Use the anfis command to identify the nonlinear relationship between ${\mathit{n}}_{1}$ and ${\mathit{n}}_{2}$. While ${\mathit{n}}_{2}$ is not directly available, you can assume that m is a noisy version of ${\mathit{n}}_{2}$ for training. This assumption treats x as "noise" in this kind of nonlinear fitting.

Assume the order of the nonlinear channel is known (in this case, 2). You can use a two-input ANFIS model for training.

Define the training data. The first two columns of data are the inputs to the ANFIS model, ${\mathit{n}}_{1}$ and a delayed version of ${\mathit{n}}_{1}$. The final column of data is the measured signal, m.

delayed_n1 = [0; n1(1:length(n1)-1)];
data = [delayed_n1 n1 m];

Generate the initial FIS object.
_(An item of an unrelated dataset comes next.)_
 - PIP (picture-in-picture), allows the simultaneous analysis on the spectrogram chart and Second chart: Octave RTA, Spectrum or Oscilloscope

By default, the grid partitioning algorithm uses two membership functions for each input variable, which produces four fuzzy rules for learning.
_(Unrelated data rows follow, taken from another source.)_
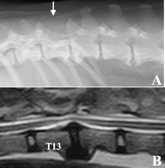 Fig. 3. Radiographic and MRI findings of the thoracolumbar spine of the case 9 years after surgery. (A) Radiographic features of spondylosis deformans were observed in both T13–L1 and L2–3. The spinous process of T13 was missing due to laminectomy (white arrow). (B) MRI (T2-weighted image) showed that the spinal cord was slightly compressed from the ventral side in T13–L1, probably due to the proliferation of bone tissue due to spinal instability. No tumor tissue was observed in the spinal cord. The reason for the good prognosis, in this case, remains unknown; multiple factors are likely involved. The gross appearance of the tumors at the time of surgery was well demarcated from the spinal cord with clear margins, which allowed gross total resection. Although spinal nephroblastoma has been classically reported as an extramedullary lesion (Summers et al., 1988; Vaughan-Scott et al., 1999), some cases have been reported as intramedullary (Jeffery and Phillips, 1995; Macri et al., 1997; Sale et al., 2004; Liebel et al., 2011; Higgers et al., 2017; Tagawa et al., 2020). In a series of 10 canine spinal nephroblastoma cases, Liebel et al. (2011) reported a longer survival in dogs with extramedullary lesions. Intramedullary tumor development may detrimentally affect neurologic outcomes and survival by precluding complete surgical resection, resulting in local recurrence. The most important reason for the long survival in our case was likely the relatively localized presence of extramedullary tumor tissue. Besides the difference in the site of tumor development, the difference in malignancy of the tumor cells is considered one of the factors responsible for the good prognosis in this case. In one report of canine spinal nephroblastoma focusing on tumor cell growth analysis, the case was highly malignant based on its high potential for growth and invasion (Ohta et al., 2009), indicating some differences in malignancy among tumor tissues of the same histopathological type. Recently, intraspinal metastasis of spinal cord nephroblastoma was reported, which is considered a highly malignant finding (Terrell et al., 2000). Since the histopathological examination in our case showed infrequent mitotic figures, this case might have had relatively low malignancy, leading to a good prognosis. Although gross total resection was achieved in this case, residual tumor cells may have remained. Therefore, postoperative treatment is necessary. We elected to perform local radiation therapy because the effectiveness of chemotherapy has not been reported in dogs. In this case, only 20 Gy was applied after surgery at the owner’s request. However, our case cannot draw conclusions regarding postoperative treatment, and further evaluations are needed to determine suitable adjunctive treatments after surgical resection of this disease. This case fell into a serious condition, such as being unable to stand up due to a spinal cord tumor at an early age; however, the dog was able to almost reach the end of her life while maintaining a normal walking ability using a combination of surgery and radiation therapy. This case strongly suggests that providing intensive treatment for canine spinal nephroblastoma is very important. AcknowledgmentThe authors thank the Edanz Group (https://en-author-services.edanz.com/ac) and Editage (www.editage.com) for editing a draft of this manuscript. Conflict of interestNone of the authors of this article has a financial or personal relationship with other people or organizations that could inappropriately influence or bias the content of this paper. Authors’ contributionsThe diagnostic imaging at the first visit of this case was performed by Munekazu Nakaichi. Surgical treatment and postoperative management of the case were performed by Munekazu Nakaichi, Hiro Horikirien, Harumichi Ito, and Hirosi Sunahara. Postoperative radiation therapy was performed by Toshie Iseri and Yuki Nemoto. Munekzu Nakaichi, Kenji Tani, and Kazuhito Itamoto were involved in the writing of the first draft, and all authors read and approved the final draft. ReferencesBrewer, D.M., Cerda-Gonzalez, S., Dewey, C.W., Diep, A.N., Van Horne, K. and McDonough, S.P. 2011. Spinal cord nephroblastoma in dogs: 11 cases (1985-2007). J. Am. Vet. Med. Assoc. 238, 618–624. Higgers, R.J., Bollen, A.W. and Dickinson, P.J. 2017. Tumors of the nervous system. In Tumors in domestic animals, 5th ed. Ed., Meuten, D.J. Hoboken, NJ: Wiley Blackwell, pp: 834–891. Jeffery, N.D. and Phillips, S.M. 1995. Surgical treatment of intramedullary spinal cord neoplasia in two dogs. J. Small Anim. Pract. 36, 553–557. Liebel, F.X., Rossmeisl, J.H., Jr., Lanz, O.I. and Robertson, J.L. 2011. Canine spinal nephroblastoma: long-term outcomes associated with treatment of 10 cases (1996-2009). Vet. Surg. 40, 244–252. Macri, N.P., Van Alstine, W. and Coolman, R.A. 1997. Canine spinal nephroblastoma. J. Am. Anim. Hosp. Assoc. 33, 302–306. Nakade, T., Inoue, A., Shimazaki, H., Miyoshi, K., Takeuchi, N., Kadosawa, T., Akihara, Y., Taniyama, H. and Ishida, O. 2006. Spinal nephroblastoma in a miniature Dachshund. J. Vet. Med. Sci. 68, 1383–1385. Ohta, G., Kobayashi, M., Sakai, H., Masegi, T. and Yanai, T. 2009. Proliferative potential of a spinal nephroblastoma in a young dog. J. Toxicol. Pathol. 22, 79–82. Rossmeisl, J.H., Jr. and Pancotto, T.E. 2020. Tumors of the nervous system. In Withrow and MacEwen’s small animal clinical oncology, 6th ed. Eds., Vail, D.M., Thamm, D.H. and Liptak, J. St. Louis, MO: Elsevier, pp: 657–674. Sale, C.S., Skerritt, G.C. and Smith, K.C. 2004. Spinal nephroblastoma in a crossbreed dog. J. Small Anim. Pract. 45, 267–271. Summers, B.A., deLahunta, A., McEntee, M. and Kuhajda, F.P. 1988. A novel intradural extramedullary spinal cord tumor in young dogs. Acta. Neuropathol. 75, 402–410. Tagawa, M., Shimbo, G., Tomihari, M., Yanagawa, M., Watanabe, K.I., Horiuchi, N., Kobayashi, Y. and Miyahara, K. 2020. Intra
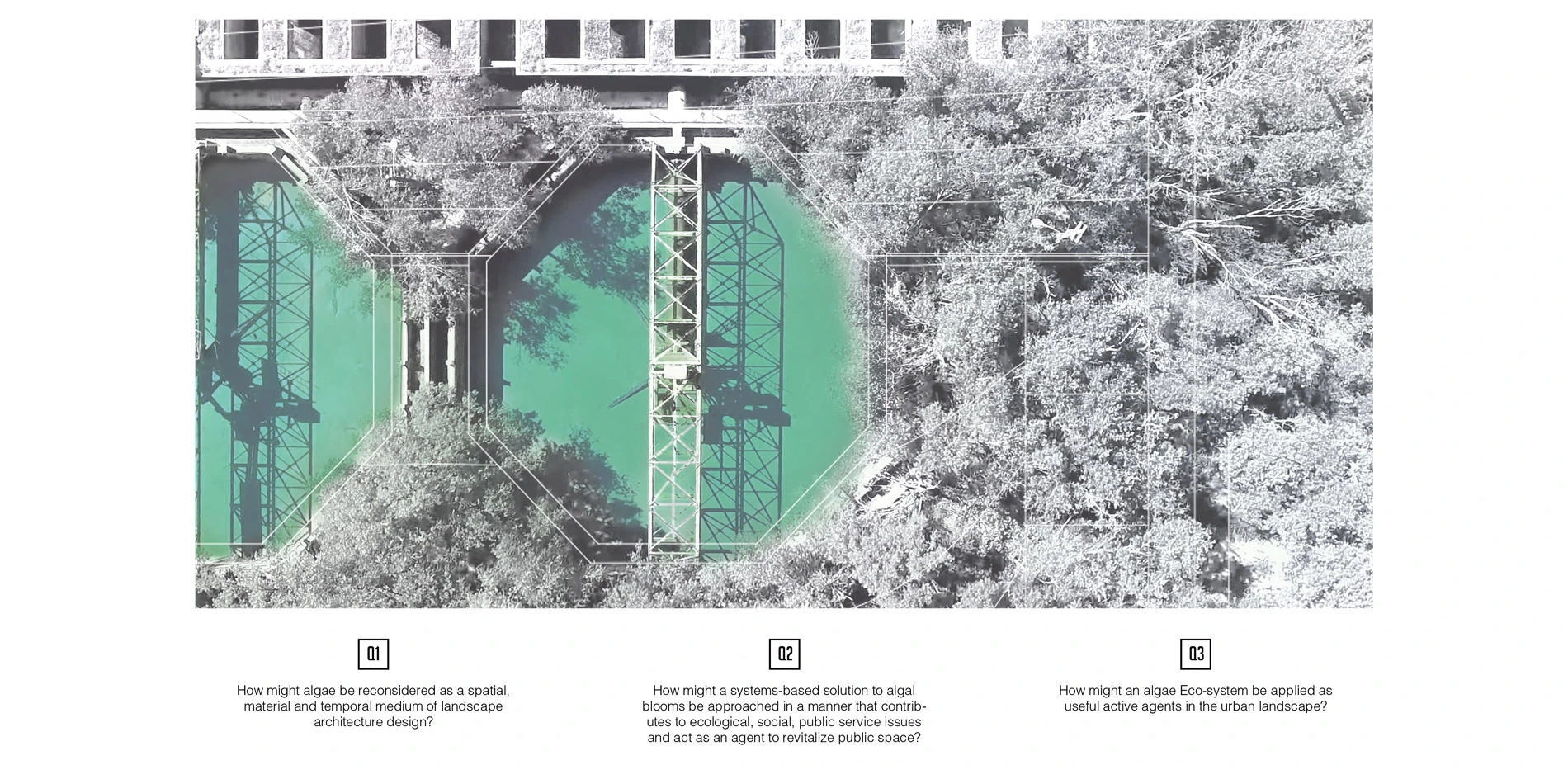 This project aspires to explore how problematic levels of algae (specifically Bioluminescent Algae, Blue Green Algae and Diatoms Algae) in waterways might be addressed through innovative landscape design strategies that move beyond reductive en
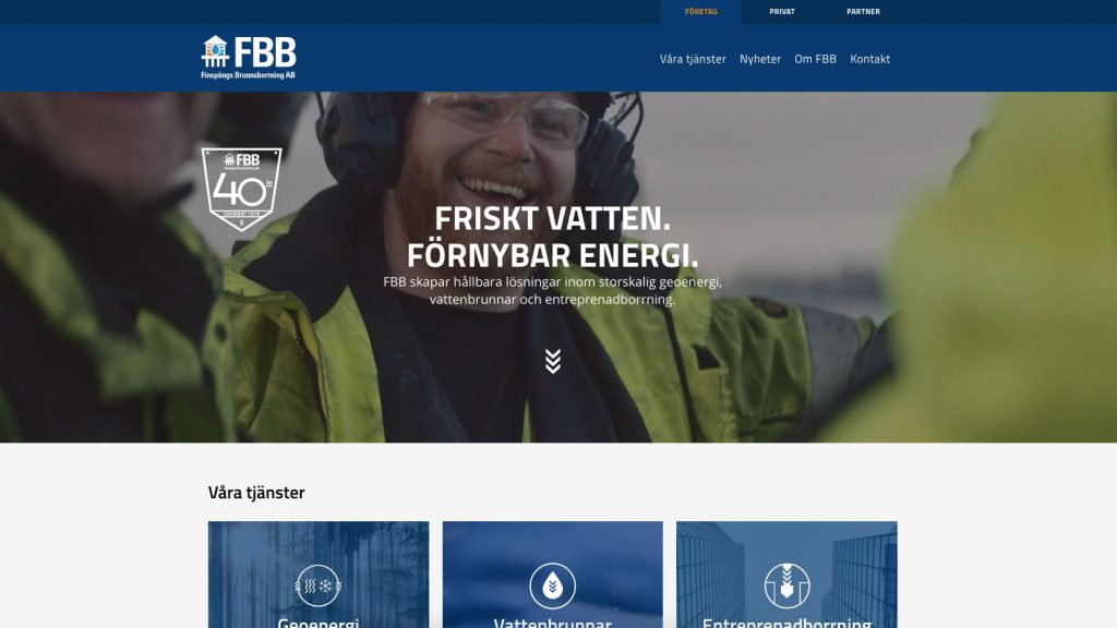 Familjeföretaget FBB Finspångs Brunnsborrning AB grundades 1979 och är idag ett av Sveriges största privatägda brunnsborrningsföretag inom segmenten geoenergi, vattenbrunnar och entreprenadborrning.

genOpt = genfisOptions('GridPartition');
inFIS = genfis(data(:,1:end-1),data(:,end),genOpt);

Tune the FIS using the anfis command with an initial training step size of 0.2.
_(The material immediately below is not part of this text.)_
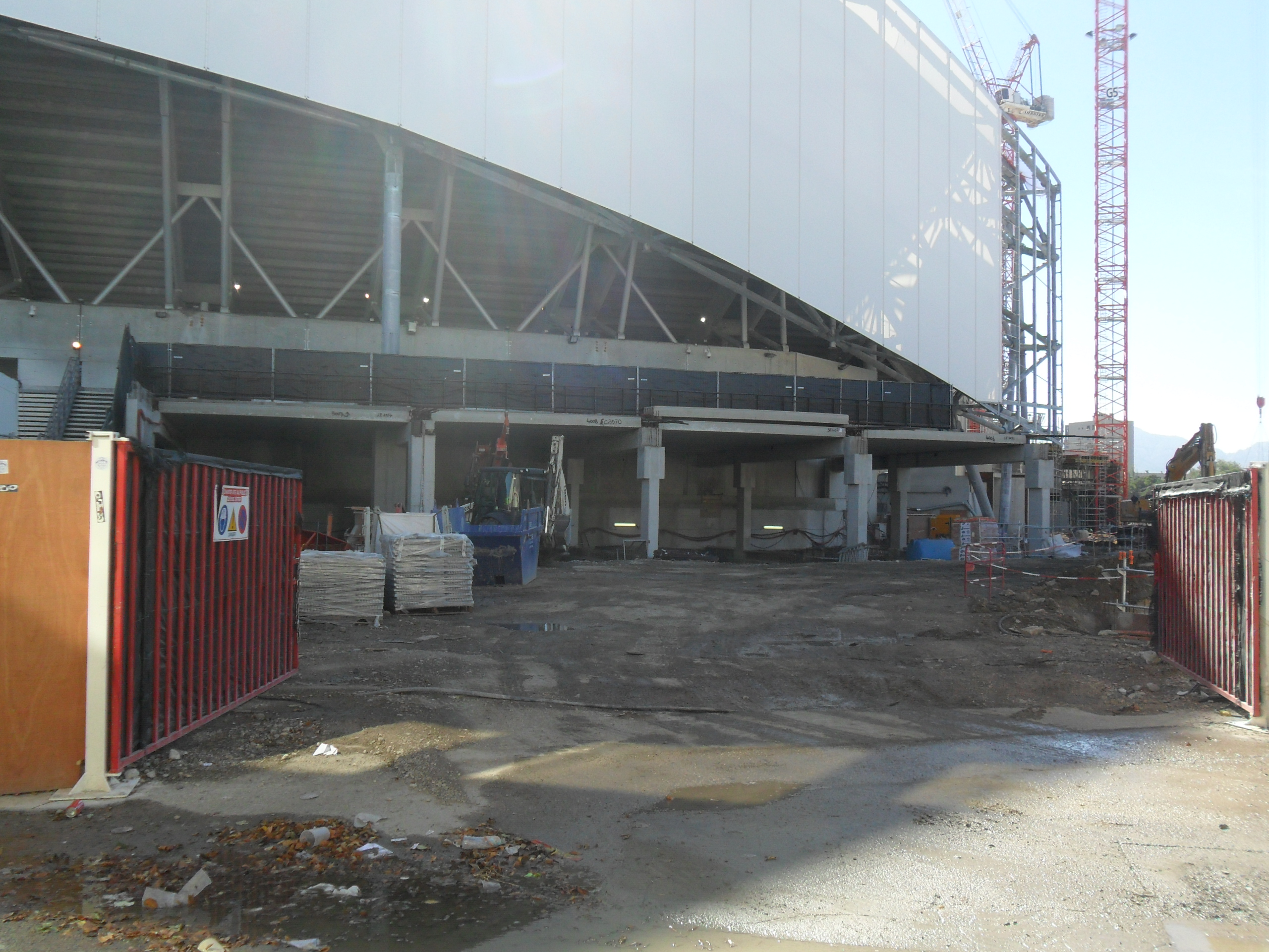 Le trait Orange, c'est peu ou prou, le niveau de la VSI et par exemple des garages de bus régie vers le milieu du stade.

trainOpt = anfisOptions('InitialFIS',inFIS,'InitialStepSize',0.2);
outFIS = anfis(data,trainOpt);
ANFIS info:
Number of nodes: 21
Number of linear parameters: 12
Number of nonlinear parameters: 12
Total number of parameters: 24
Number of training data pairs: 601
Number of checking data pairs: 0
Number of fuzzy rules: 4

Start training ANFIS ...

1 	 0.761817
2 	 0.748426
3 	 0.739315
4 	 0.733993
Step size increases to 0.220000 after epoch 5.
5 	 0.729492
6 	 0.725382
7 	 0.721269
8 	 0.717621
Step size increases to 0.242000 after epoch 9.
9 	 0.714474
10 	 0.71207

Designated epoch number reached. ANFIS training completed at epoch 10.

Minimal training RMSE = 0.71207

The tuned FIS, outFIS, models the second-order relationship between ${\mathit{n}}_{1}$ and ${\mathit{n}}_{2}$.

### Evaluate Model

Calculate the estimated interference signal, estimated_n2, by evaluating the tuned FIS using the original training data.

estimated_n2 = evalfis(outFIS,data(:,1:2));

Plot the actual ${\mathit{n}}_{2}$ signal and the estimated version from the ANFIS output.

subplot(2,1,1)
plot(time, n2)
ylabel('n_2')
xlabel('time')
title('Unknown Interference Signal')
subplot(2,1,2)
plot(time, estimated_n2)
ylabel('n_2')
xlabel('time')
title('Estimated Interference Signal')

The estimated information signal is equal to the difference between the measured signal, m, and the estimated interference (ANFIS output).

estimated_x = m - estimated_n2;

Compare the original information signal, x, and the estimate, estimated_x.

figure
plot(time,estimated_x,'b',time,x,'r')
xlabel('time')
ylabel('x')
title('Comparison of Actual and Estimated Signals')
legend('Estimated x','Actual x (unknown)','Location','SouthEast')

Without extensive training, the ANFIS model produces a realtively accurate estimate of the information signal.